Defendants further aver that at the time of the dissolution of the lumber corporation, Margaret Porter, a stockholder in the corporation, was a minor and did not reach her majority until March 16, 1931; and that during the minority of Margaret Porter the running of prescription was suspended not only as to her but also as to her co-owners, who together with the minor are defendants herein.

Defendants further allege that plaintiff is a brother of Charles S. Childs, from whom he attempted to acquire the property, and that he and his brother knew, or should have known, from the public records that neither Charles S. Childs nor the plaintiff acquired any mineral rights in the property, but that the same were wholly reserved in the deed from Porter-Wadley Lumber Company tó O. M. Cavin; and that the plaintiff, by attempting to acquire the mineral rights by prescription, is barred because he was and is in legal bad faith.

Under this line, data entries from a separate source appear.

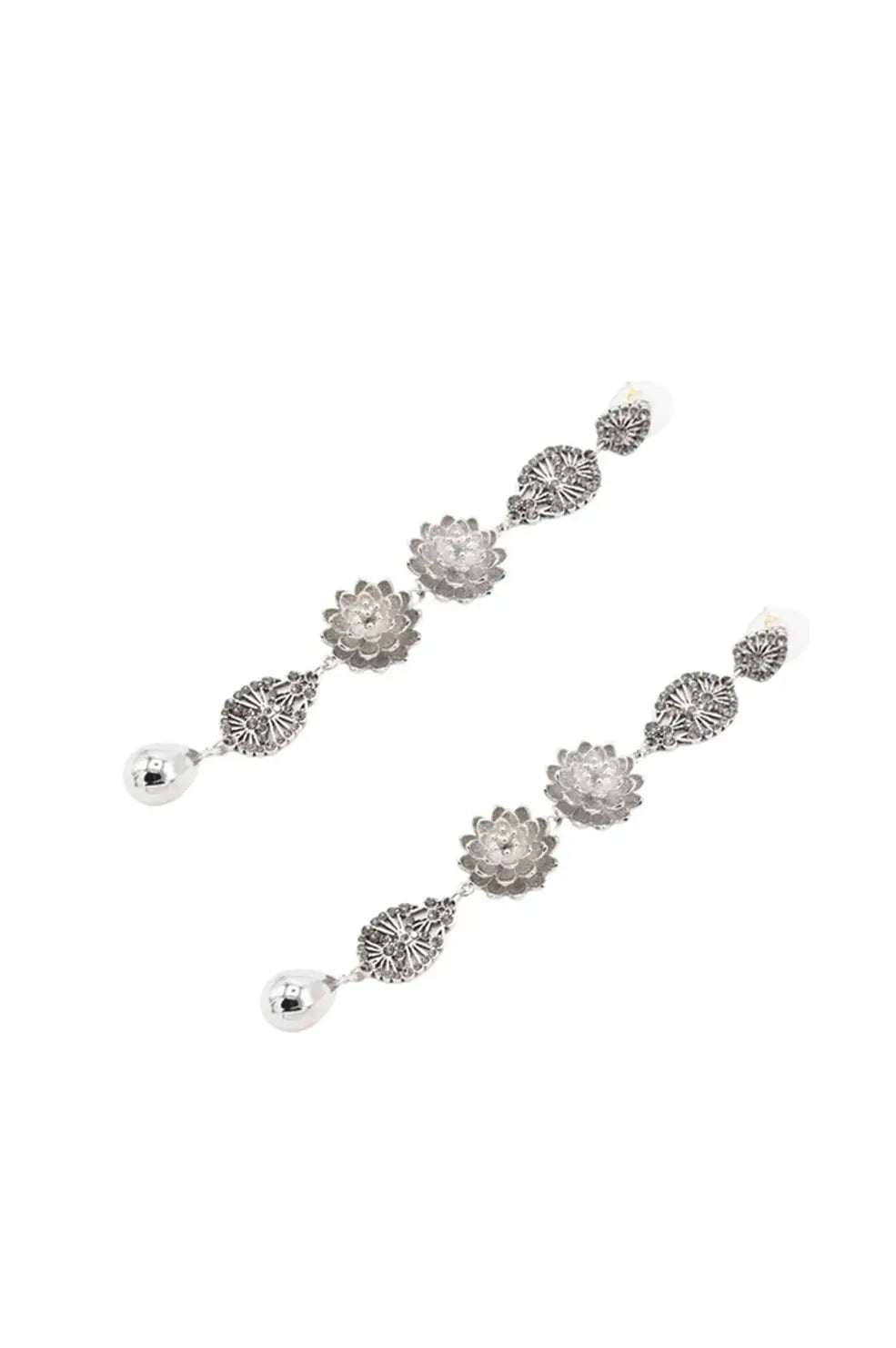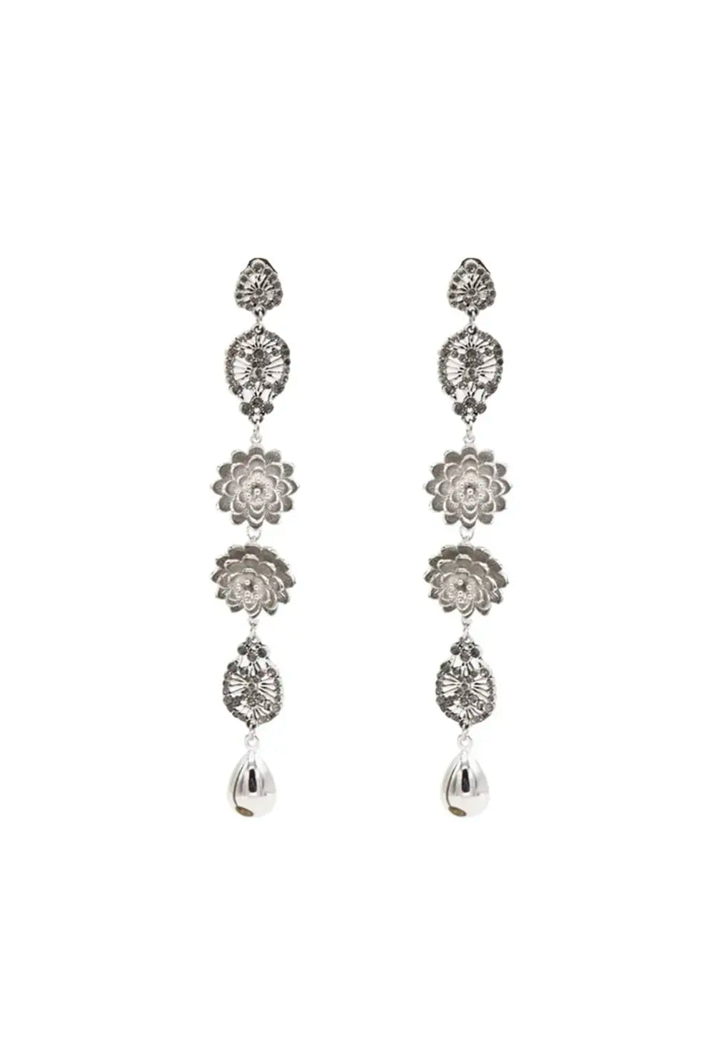 Pendientes largos de latón, con dos piezas con forma de flor y gotas con cristales.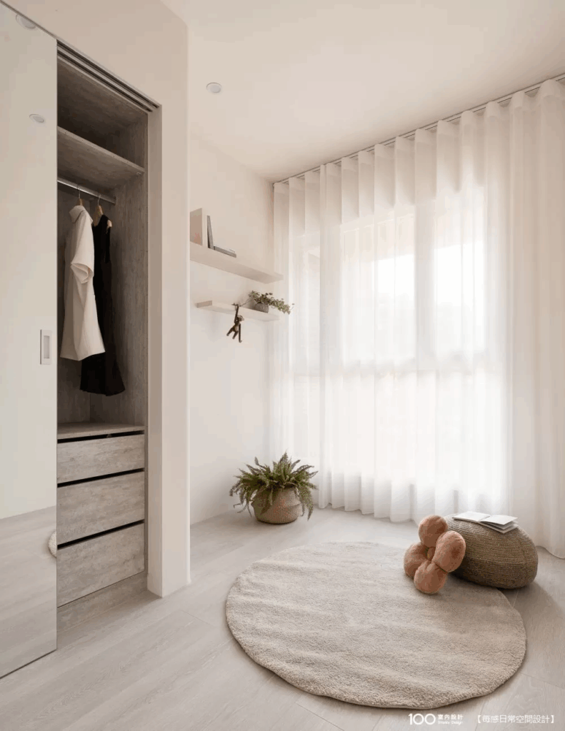 女孩房為二女兒的臥室,喜愛韓系柔美風格的她,首先要有大面紗窗且不須裝布簾,為了優美的浪漫感覺願意戴眼罩入眠,其次是衣櫃門板設置全鏡面,因應跳爵士舞的練習需求,而深度約68公分的櫃體側面採粉色系,滿足女孩的夢幻臥室想像。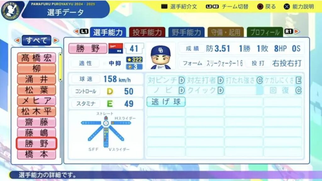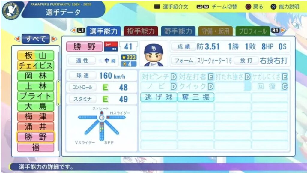 パワプロ11月20日第14回アップデートが行われました。2025年終了時のデータが反映されています。今回は勝野選手です。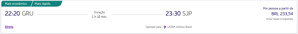 | Porto Alegre (POA) | Florianópolis (FLN) | R$ 280,36 | São Paulo (GRU) | Joinville (JOI) | R$ 376,54 |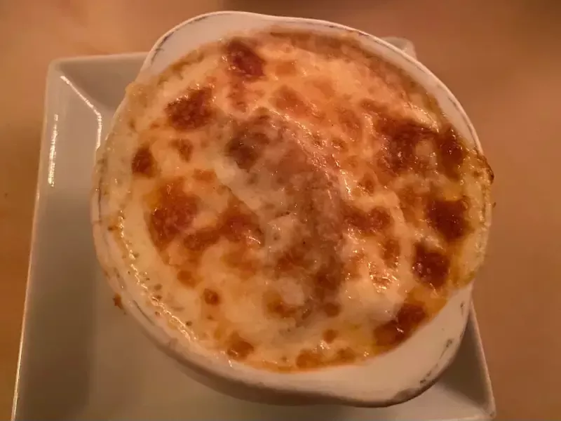 La ensalada era deliciosa, fresca y ligera. La sopa era tradicional, con mucho queso - era casi demasiado lleno para un aperitivo.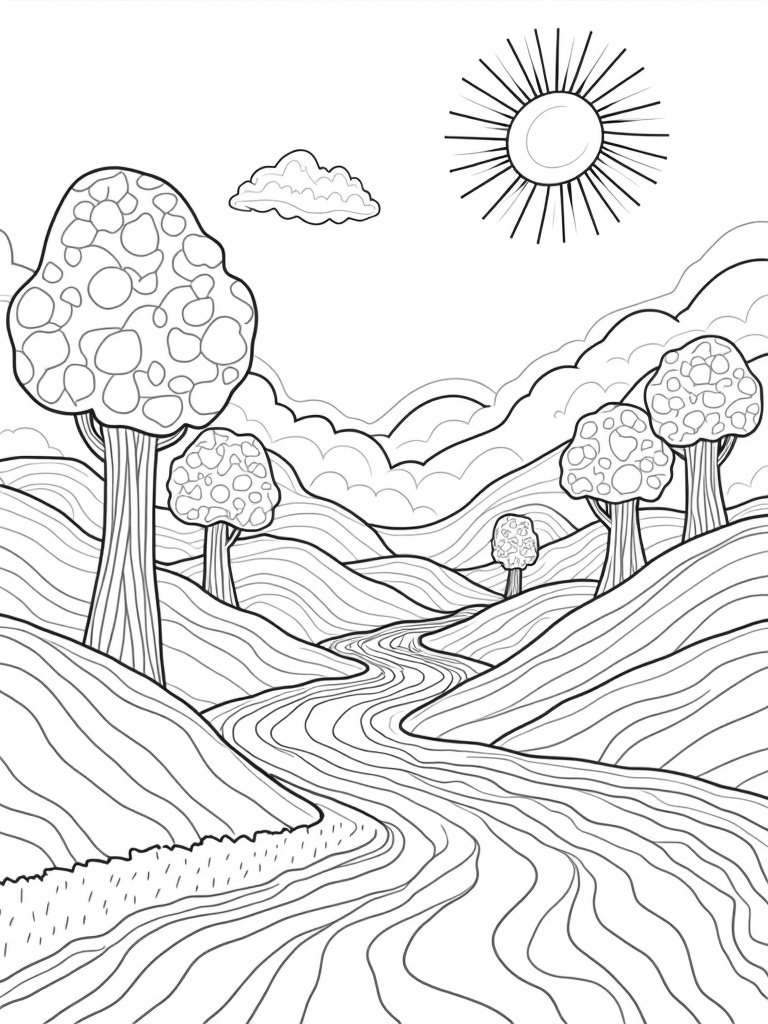 Check out this free, printable coloring page featuring a whimsical landscape with patchwork hills and paintbrush skies. Perfect for kids and adults alike, it's a fun way to unleash your creativity!
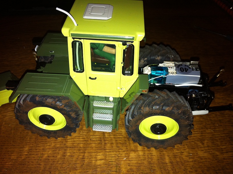 Und das ist der aktuelle stand. Servos für HH FH und Lenkung sind verbaut, ebenso der Fahrantrieb. Gemacht werden muss noch einiges, die Unterlenker müssen noch mit den Servos verbunden werden, die Haube muss noch ausgefräst werden, einige Kabel müssen noch verlegt werden...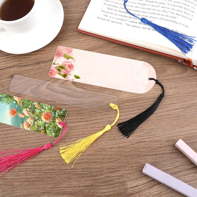 - 【Made Material】Acrylic bookmark blanks color are made of plastic, has double-layer protective film, beautiful artificial tassels.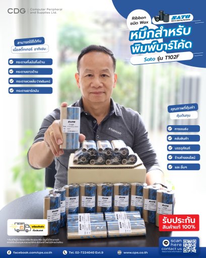 ริบบอน ชนิด Wax แบรนด์ซาโต้ รุ่น T102F ซึ่งเป็นชนิดที่ได้รับการยอมรับกันอย่างกว้างขวางถึงคุณภาพที่คุ้มค่า คุ้มต้นทน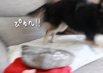 持ち逃げ後、ぶん回したり噛み付いて引っ張ったり…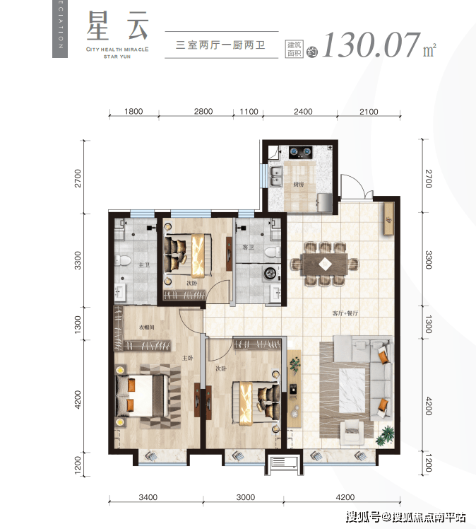 南向三开间,独立衣帽间,予生活舒适美好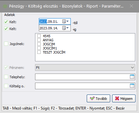 Paraméterezett jelentés készítése egy adott időszak költségeloszlásáról. Miután létrehozta a költség elosztásokat, fontos hogy az adatokat átlátható formában vissza tudja nyerni. A paraméterek megadása után egy nyomtatható vagy e-mailben továbbítható kimutatást generál a program.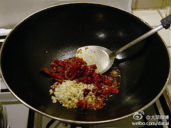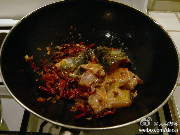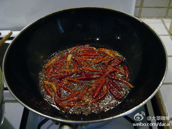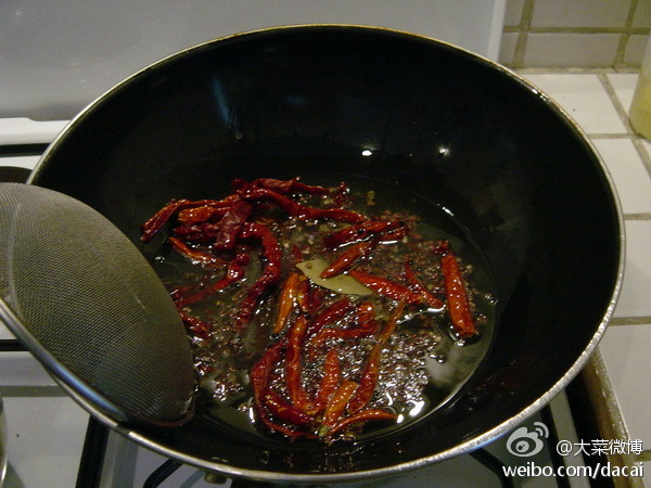 11、锅洗净,将剩余的五香油倒入,烧至5成热,放入剩余的干辣椒段和花椒,用小火将辣椒和花椒的香味炸出来,注意不要炸糊了,辣椒的颜色稍变就关火。
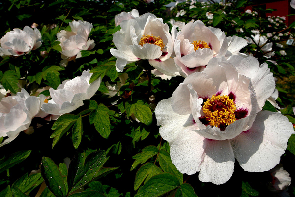古县位于山西省临汾市东北部太岳山南麓,这里山川秀美,旅游资源丰富,除了被誉为“天下第一牡丹”的三合牡丹,还有树龄已逾千年的四大树王、活水龙吟延庆观、战国名相蔺相如墓、隋唐时期罗城将军阵亡之地淤泥河等。古县牡丹旅游景区为国家4A级景区,以其融“山、水、花”为一体的醉人美景,向八方宾朋展示着它迷人的风姿。牡丹景区的三合牡丹相传为唐代牡丹,距今已1300余年。三合牡丹以单株最大、花开最多、色泽淡雅而被中国牡丹协会冠为 “天下第一牡丹”。三合牡丹,株高2.8米,丛围20米,冠幅面积35平方米。4月底-5月初开放,花大如盘,洁白如雪,最多时花开621朵,素有“牡丹王”之称。因其生长年代久远,并有颇多神奇之处,被尊称“牡丹仙子”。依托这株神奇的白牡丹,民间花会成为传统风俗,且越办越红火。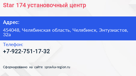 Star-174, установочный центр по адресу 454048, Челябинская область, Челябинск, Энтузиастов, 32а в дальнейшем Организация, размещена в следующих категориях: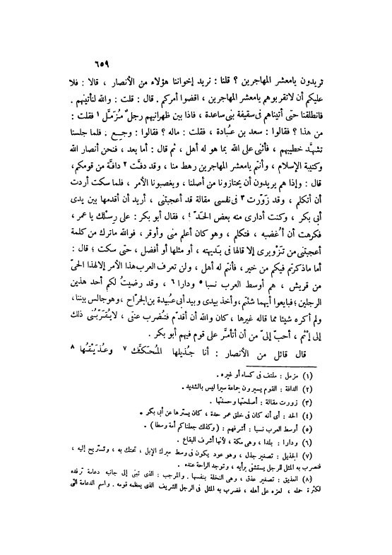 مَنْ هَذَا؟ فَقَالُوا: سَعْدُ بْنُ عُبَادَةَ، فَقُلْتُ: مَا لَهُ؟ فَقَالُوا: وَجِعَ. فَلَمَّا جَلَسْنَا تَشَهَّدَ خَطِيبُهُمْ، فَأَثْنَى عَلَى اللَّهِ بِمَا هُوَ لَهُ أَهْلٌ، ثُمَّ قَالَ: أَمَّا بَعْدُ، فَنَحْنُ أَنْصَارُ اللَّهِ وَكَتِيبَةُ الْإِسْلَامِ، وَأَنْتُمْ يَا مَعْشَرَ الْمُهَاجِرِينَ رَهْطٌ مِنَّا، وَقَدْ دَفَّتْ [2] دَافَّةٌ مِنْ قَوْمِكُمْ، قَالَ: وَإِذَا هُمْ يُرِيدُونَ أَنْ يَحْتَازُونَا مِنْ أَصْلِنَا، وَيَغْصِبُونَا الْأَمْرَ، فَلَمَّا سَكَتَ أَرَدْتُ أَنْ أَتَكَلَّمَ، وَقَدْ زَوَّرَتْ [3] فِي نَفْسِي مَقَالَةٌ قَدْ أَعْجَبَتْنِي، أُرِيدُ أَنْ أُقَدِّمَهَا بَيْنَ يَدَيْ أَبِي بَكْرٍ، وَكُنْتُ أَدَارِي مِنْهُ بَعْضَ الْحَدِّ [4] ، فَقَالَ أَبُو بَكْرٍ: عَلَى رِسْلِكَ يَا عُمَرَ، فَكَرِهْتُ أَنْ أُغْضِبَهُ، فَتَكَلَّمَ، وَهُوَ كَانَ أَعْلَمَ منى وأوقر، فو الله مَا تَرَكَ مِنْ كَلِمَةٍ أَعْجَبَتْنِي مِنْ تَزْوِيرِي إلَّا قَالَهَا فِي بَدِيهَتِهِ، أَوْ مِثْلَهَا أَوْ أَفْضَلَ، حَتَّى سَكَتَ، قَالَ: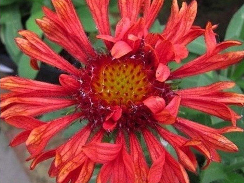 Kokardenblume ´Fanfare Blaze´ - horstbildende Staude mit lanzettlichen Blättern, heimisch in Nordamerika. Staude, die eine Höhe von 60 cm erreicht. Sie hat einen orangefarbenen Kranz einzelner Blüten mit gelblicher Färbung an den Spitzen, der ein dunkelrotes Zentrum umgibt. Dies erweckt den Eindruck einer ausgefransten Blüte. Die Blätter sind mattgrün. Blüht im Juli. Wir kultivieren in voller Sonne auf durchlässigem Boden. Verträgt keine Staunässe. Ideal für Vorgärten, Terrassen und gemischte Beete.

In the alternative, defendants aver that if the prescriptions pleaded by plaintiff should be found to apply, then they have a contract which is binding on all parties for a period of thirty-five years from February 12, 1916, whereby the exclusive right coupled with an interest was given defendants to develop the property for minerals, the consideration being the. payment by defendants of one-half the net proceeds received from the sale of the minerals resulting from the development.

On the trial of the case, plaintiff filed a plea of estoppel, which was predicated on its offering in evidence a number of oil and gas leases made in the years 1926, 1929 ana 1933, in which the Porter-Wadley Lumber Company, acting through J. K. Wadley and John W. Wheeler, its Commissioners and *313 Liquidators, purported to lease and convey mineral rights in the Parish of Webster.

The trial judge, pretermitting as unnecessary any discussion of the plea of estoppel, the plea of ten years’ prescription liberandi causa, the effect of the dissolution of the corporation and whether title vested in its stockholders on May 3, 1917, sustained plaintiff’s plea of ten years’ prescription acquirenda causa and recognized plaintiff as the owner of the tract of land described in the petition, together with the oil, gas, sulphur and other minerals on, in and under the same, and ordered the inscription of the instruments complained of cancelled and erased from the parish records so far as .they affect the land described in the petition.

The case was submitted to the district court on depositions of two witnesses and on a partial statement of facts agreed on by the attorneys of the parties.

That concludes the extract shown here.